2012年6月16日土曜日

ポエトリー/アグネスの詩(うた)

(시 Poetry)

 題名がシンプルです。英題は “poetry” ですが、ハングルではただ一文字。漢字にしても同じですね。『詩』だけ。発音も日本語と同じで「シ(shi)」のみ。邦題もそうすれば良かったのに。
 なんか私の観る韓国映画は題名がシンプルなものが多いような気がしますが、偶然かしら。『痛み』(2011年)とか『渇き』(2009年)とか。『母なる証明』(同年)もハングル表記は短かったし。『グエムル』(2006年)もか。
 それを考えると本作の邦題は長い上に副題が余計です。ネタバレなところもあるし。

 イ・チャンドン監督作品を観るのは初めてです。『シークレット・サンシャイン』(2007年)とか観てないのです。
 本作は、韓国で実際にあった女子中学生集団レイプ事件から着想を得て制作されたそうですが、二〇一〇年の大鐘賞(韓国のアカデミー賞)の最優秀作品賞に選ばれています。同年のカンヌ国際映画祭でも脚本賞を受賞だとか。
 一種のサスペンス映画的なところもありますが、犯罪ものではありませんでした。

 冒頭、川辺で遊ぶ子供達を映したのどかな風景から始まります。そこへ川上から何かが流れてくる。それは一人の少女の水死体だった。
 このまま犯罪捜査ものになってもおかしくないところですが、ドラマは初老の女性ミジャ(ユン・ジョンヒ)の日常を描くドラマにシフトしてしまいます。水死体についてはしばらく関係してきません(忘れた頃になってリンクしてくるんですけどね)。

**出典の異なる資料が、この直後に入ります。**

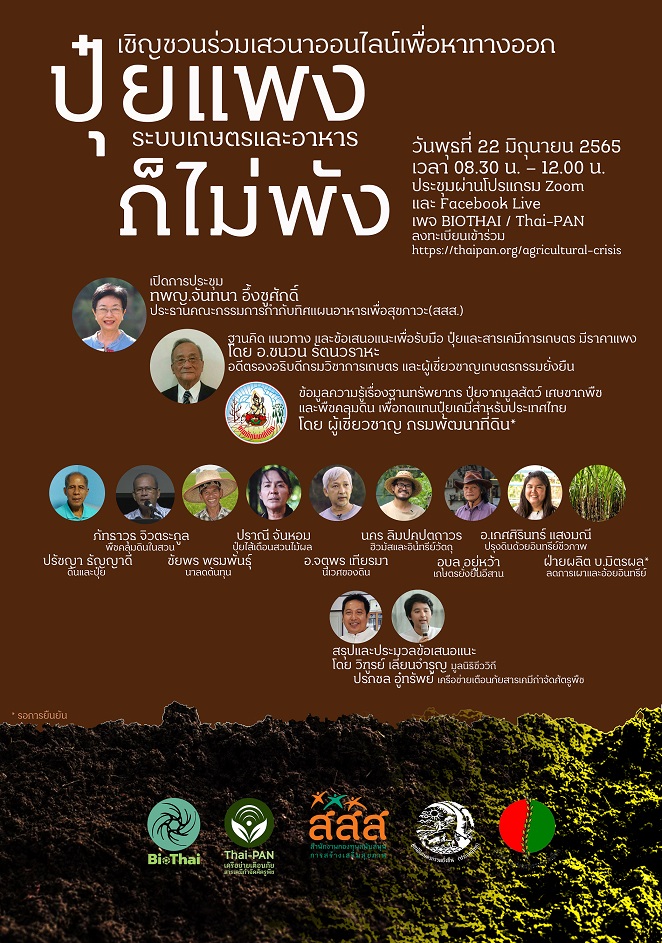 <!DOCTYPE html><br /> <html><br /> <head><br /> </head><br /> <body><br /> <p style="text-align: center;"><strong><span style="font-size: 18pt; font-family: 'arial black', 'avant garde'; color: #583d0c;">ปุ๋ยแพงก็ไม่พัง </span></strong></p><br /> <p style="text-align: center;"><strong><span style="font-size: 18pt; font-family: 'arial black', 'avant garde'; color: #583d0c;">งานประชุมระดมความเห็นเพื่อหาทางออก (focus group) รับมือปุ๋ย-สารเคมีราคาแพง</span></strong></p><br /> <p style="text-align: center;"><span style="color: #2dc26b;"><strong><span style="font-size: 18pt; font-family: 'arial black', 'avant garde';">ในวันที่ 22 มิถุนายน 2565 8.00 - 12.00 น.</span></strong></span></p><br /> <p><span style="color: #e67e23; font-size: 18pt;"><strong>1. หลักการและเหตุผล</strong></span></p><br /> <p><span style="font-size: 14pt;">ราคาปุ๋ยเคมีเพิ่มสูงขึ้นเป็นประวัติการณ์โดยช่วงรอบปีที่ผ่านมาราคาปุ๋ยเคมีเพิ่มสูงขึ้นอย่างก้าวกระโดดทั้งนี้เนื่องจากหลายปัจจัยรวมกันได้แก่ การขึ้นราคาของแก๊สธรรมชาติและน้ำมันเชื้อเพลิงซึ่งเป็นต้นทุนสำคัญของการผลิตปุ๋ยเคมี สงครามในยูเครน และการจำกัดการส่งออกของผู้ผลิตปุ๋ยที่สำคัญ เช่น รัสเซีย และจีน เป็นต้น</span></p><br /> <p><span style="font-size: 14pt;">ราคาปุ๋ยเคมีเริ่มมีราคาสูงขึ้นตั้งแต่เดือนมิถุนายน 2563 และเพิ่มขึ้นต่อเนื่องจนถึงปัจจุบัน เช่น ราคาปุ๋ยยูเรีย (46-0-0) เพิ่มขึ้นจาก 13,400 บาท/ตัน เมื่อเมษายนปี 2564 เป็น 28,000 บาท/ตัน ในช่วงเวลาเดียวกันของปี 2565 และปุ๋ยโพแทสเซียม (0-0-60) เพิ่มขึ้นจาก 12,250 บาท/ตัน เป็น 30,000 บาท/ตัน เป็นต้น (ข้อมูลจากสำนักงานเศรษฐกิจการเกษตร) โดย เมื่อสถิติเมื่อปี 2564 ประเทศไทยนำเข้าปุ๋ยเคมีจากต่างประเทศ คิดเป็นมูลค่ากว่า 70,102.7 ล้านบาท </span></p><br /> <p><span style="font-size: 14pt;">ราคาปุ๋ยเคมีส่งผลกระทบต่อเกษตรกรที่ปลูกพืชและอาจส่งผลกระทบต่อความมั่นคงทางอาหารเนื่องจากการปลูกพืชสำคัญเช่น ข้าว ยางพารา อ้อย ข้าวโพด มันสำปะหลัง ปาล์มน้ำมัน เป็นต้น อาศัยการใช้ปุ๋ยเคมีเป็นแหล่งอาหารสำคัญของพืช และต้นทุนของปุ๋ยเคมีและสารเคมีกำจัดศัตรูพืชคิดเป็น 25-35% ของต้นทุนการปลูกพืชทั้งหมด </span></p><br /> <p><span style="font-size: 14pt;">วิกฤตอาหารในระดับโลกที่ทำให้ผลผลิตทางการเกษตรส่วนใหญ่มีราคาสูงขึ้น เช่น ข้าวสาลี ข้าวโพด อ้อย และปาล์มน้ำมัน เป็นต้น อาจเป็นโอกาสของเกษตรกรที่ปลูกพืชบางกลุ่ม แต่ผลประโยชน์ดังกล่าวอาจถูกลดทอนจากต้นทุนปุ๋ยเคมีและสารเคมีที่เพิ่มขึ้น ในขณะที่เกษตรกรส่วนใหญ่ของประเทศ ซึ่งคิดเป็นสัดส่วนถึง 79% ของเกษตรกรทั้งหมด ได้แก่เกษตรกรที่ปลูกข้าว และยางพาราจะได้รับผลกระทบอย่างหนักเนื่องจากต้นทุนสูงขึ้นแต่ราคาในตลาดโลกกลับไม่ได้ปรับขึ้นตามราคาของสินค้าอื่น</span></p><br /> <p><span style="font-size: 14pt;">อย่างไรก็ตาม การวิเคราะห์ของนักวิชาการและผู้เชี่ยวชาญระหว่างประเทศ เช่น Aaron Smith แห่ง University of California เห็นว่าราคาปุ๋ยที่สูงขึ้นจะทำให้การใช้ปุ๋ยต่อพื้นที่ลดลง มีประสิทธิภาพมากขึ้น และเป็นผลดีต่อสิ่งแวดล้อมและระบบนิเว

 六六歳のミジャは孫のジョンウク(イ・ダウィット)との二人暮らし。母は離婚後、釜山へ出稼ぎに出て、息子を祖母に預けているという設定。年齢的に離れている所為か、孫の考えていることがいまいち判らない。会話も少なく、孫は暇さえあればパソコンとゲーム三昧、夜遅くまで同級生の友達と駄弁っていることも──と云うのは、まぁ日本でもよくある風景ですね。
 この孫が反抗期と云うこともあるのか、実に小憎たらしい。故意に共感できないように演出されているように思えます。状況からして躾があまり出来ていないように見受けられる。
 冒頭の溺死した女子生徒も、孫と同じ学校なのに、何を訊いても無愛想に「よく知らない」と応えるだけ。自殺であるとも報じられるが、原因はまだ判らない。

 序盤はミジャの日常を描くことにかなり傾注しています。
 まず、腕に痛みを感じて診察を受けるが、そっちは単なる筋肉痛で、それよりも健忘症的症状の方を懸念され、精密検査を勧められる。ちょっとした名詞が口から出てこない、というのが嫌ですね。伏線であることが如実に判ります。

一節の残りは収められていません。